FPKM values for each cell were rounded to the nearest tenth of a decimal as described above. To approximate the change in the genomic information space at the level of intercellular transcriptional heterogeneity, the variance in expression for each gene was calculated across the 5 replicates of paclitaxel-treated cells and the three replicates of the digoxin-treated cells. For each process, the median variance was calculated in order to account for the presence of large outliers that could skew the mean. Size of each circle represents the relative number of genes belonging to each process and thickness of connecting lines indicates number of shared genes. Colour intensity represents the percentage change in median variance for the paclitaxel or digoxin-treated cells in comparison to the untreated controls for each respective group.

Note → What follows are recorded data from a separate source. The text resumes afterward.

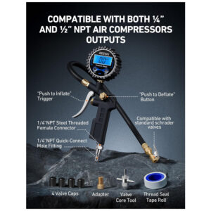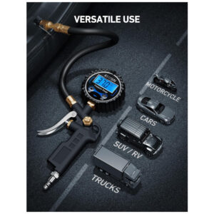 O Manômetro Digital AstroAI com Inflador é compatível com saídas de compressores de ar NPT e tanto Válvulas Schrader padrão. Calibrado profissionalmente para fornecer sempre leituras precisas, com margem de erro de apenas 1 em relação à pressão exata do seu pneu. Essencial para segurança, pneus adequadamente inflados garantem melhor desempenho em todas as condições climáticas, reduzem a probabilidade de furos, explosões e acidentes. Além disso, aumentam a eficiência de combustível, economizam dinheiro com desgaste de pneus e tornam a direção mais segura. Este versátil manômetro inclui um engate reto, mangueira, válvula de sangria e função de de inflação e desinflação, tudo em uma única unidade. Construído com aço inoxidável resistente e componentes de latão de alta qualidade, oferece durabilidade e desempenho duradouros. Funciona automaticamente ao detectar ar pressurizado e desliga após 20 segundos de inatividade.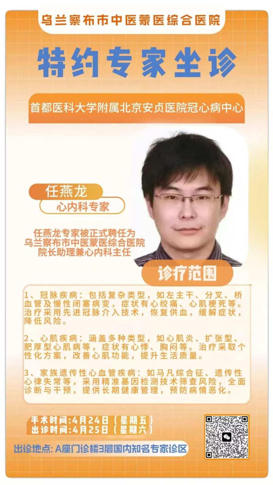 抢号难、路费贵、看诊来回折腾?别愁!4月21-26日(周二-周日),乌兰察布市中医蒙医综合医院特邀北京协和、广安门、安贞医院等顶尖三甲医院专家坐诊(手术),呼吸、妇科、眼科、心内、中医、儿科全覆盖,对症看更省心!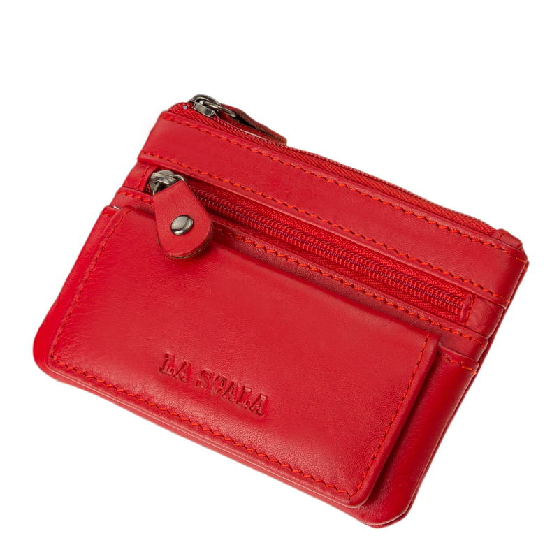 Közepes méretű praktikus bőr kulcstartó, puha valódi nappa bőrből készítve minőségi La Scala márkajelzéssel piros színben.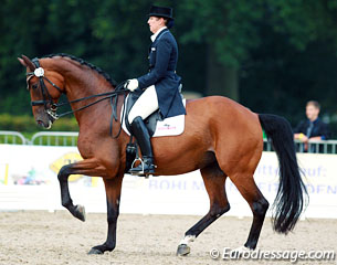 Year 2014 Event CDI Verden Horse Breanna Person Kathleen Raine Description Kathleen Raine on Breanna, a former Verden auction horse Photographer Astrid Appels Code 14_verden_raine_breanna_7575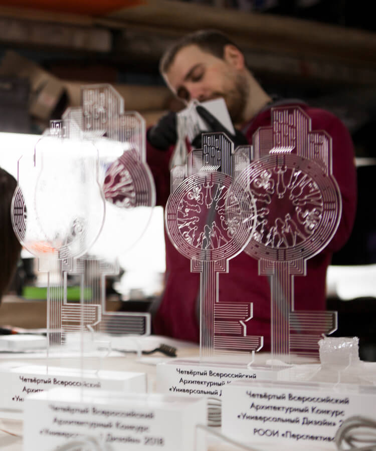 РООИ «Перспектива» ежегодно проводит конкурс среди архитекторов по направлению доступная среда. Сотрудники этой организации обучают студентов дизайну помещений и инфраструктуры с учётом требований и специфики области, таким образом делая общественное пространство доступным для всех жителей. Архитектурный конкурс «Универсальный дизайн» в 2018 году прошёл в «Центральном Доме Художника». На наши плечи легли разработка и изготовление серии наград.

In addition, the variance in expression was examined for individual oncogenic genes and chromatin remodelling genes, showing an increased in intercellular transcriptional heterogeneity due to paclitaxel treatment for MYC, KLF4, p21, NOTCH2, p53, BRCA1, BAX, BAK1, MXD1, EZH2, Arid1a, Brg1, SUZ12, SUV39H1, BRD8, JARID2, JMJD1C, NuA4 complex (EP400, RUVBL2, MORF4L1, YEATS4), SMYD3, L3MBTL2, RNF20, NCOR1 and GSK3b.